Left Eye envisioned TLC to be the first all-female group to blend hip-hop, R&B, and funk. Chilli was the sweet soprano, T-Boz was the tangy contralto, and Left Eye brought the spicy rap lyrics. Dallas Austin, the band’s producer for the debut album, accomplished an extraordinary achievement when merging conflicting voices set to a huge, complex pattern of rhythms. Left Eye and Austin proved their sound had depth beyond initial impression in "What About Your Friends." This song’s vibrancy nearly jumped through speakers as their voices permeated color and boldness.


Lopes redefined what a female pop star should look like in the early 90s. She designed the outfits for the group and contributed significantly to the TLC’s image. The group’s signature style consisted of bright, baggy clothing resembling that of teenage boys. However, a large part of their posturing was to convince us that, beneath all their tough exterior and genderless appeal, they had young spirits that required tenderness.


Left Eye collaborated primarily with group member, T-Boz on developing TLC’s dance style. She was a tomboyish Army brat, but a naturally silly performer. T-Boz would frequent a local skating rink as a teenager in the College Park district of Atlanta where future producer Dallas Austin and his crew would come to dance. T-Boz was inspired by Austin’s crew as well as other local roller dancers such as her neighbor, Rico Wade. Rico Wade later became a member of prominent production team known as Organized Noize. T-Boz was an unapologetic tomboy as well and adopted much of Wade’s dress, attitude and choreography. Some of the group’s most famous moves were on full display as they stole the show at the 1995 MTV Video Music Awards, only to be topped by some guy named Michael Jackson.


The three ladies wanted their videos and art work to reflect vibrant ownership of sexuality without succumbing to industry standards. The album cover for Ooooooo…On the TLC Tip promoted femininity and safe sex while group members were fully clothed and in non-form fitting attire. It was Lisa’s idea to place condoms all over their clothes while the band was wrapped in bright colors jumping like kids in a bounce house.

The image of the album cover was a perfect match for the music being fun with a message of sexual responsibility.

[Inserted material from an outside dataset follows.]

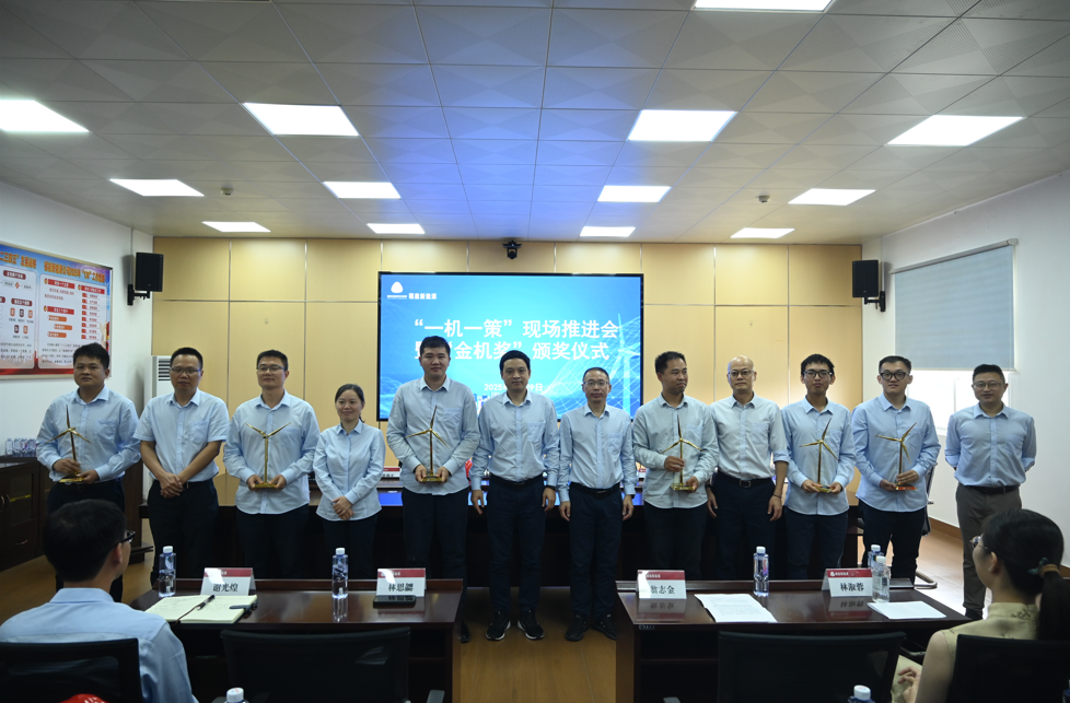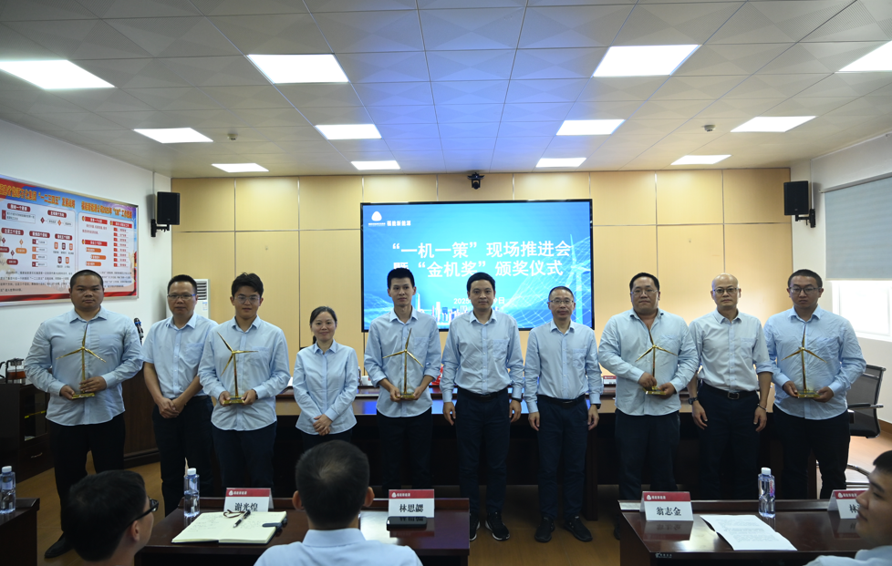 8月29日,公司在頂巖山風(fēng)電場召開“一機一策”現(xiàn)場推進會暨“金機獎”頒獎儀式。會議全面回顧總結(jié)“一機一策”實施以來的工作成效,提煉寶貴經(jīng)驗,表彰在機組運行維護中表現(xiàn)突出的先進個人,并特別邀請了獲獎職工家屬共同見證榮耀時刻,增強團隊凝聚力,為公司下半年接續(xù)奮勇提升打下堅實基礎(chǔ)。

The debut of Left Eye left the mainstream with a peek into her disturbing and perverse, yet thoughtful sexuality.

Left Eye was a cultural, artistic and musical innovator far beyond her time and nothing short of a creative genius. She was one-third of the highest selling American female band of all time. It is a travesty that she is not more openly and frequently recognized as one of the most influential artists in popular culture. Some of the most notable artists of the past decade that have been influenced by Ms., Lopes and her bandmates include Kehlani, Tinashe, Sevyn Streeter, Beyonce, and Rihanna.

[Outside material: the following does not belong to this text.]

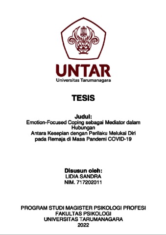 Sandra, Lidia (2023) Emotion-Focused Coping sebagai Mediator dalam Hubungan Antara Kesepian dengan Perilaku Melukai Diri pada Remaja di Masa Pandemi COVID-19. Masters thesis, Universitas Tarumanagara.

Besides being an incredible artist, Lisa was a philanthropist and humanitarian with a heart as big as her voice. Before she passed, Ms. Lopes was volunteering at a child welfare system in Honduras and offering her relief after Hurricane Mitch. Left Eye bought land in Honduras to start a children’s camp and also had plans to develop a medical and educational non-profit. She was a frequent visitor of children’s hospitals in her home state of Georgia and had plans to visit a refugee camp in Kenya. After her tragic death, Lisa’s family established the Lisa Lopes Foundation to continue her mission of helping underprivileged youth and continue her work in Honduras.

Left Eye lived unapologetically like a rock star on the screen, through the speakers, and in her personal life. In order for her legacy to be cemented with the proper treatment, she deserves to be inducted with the rest of TLC into the Rock and Roll Hall of Fame.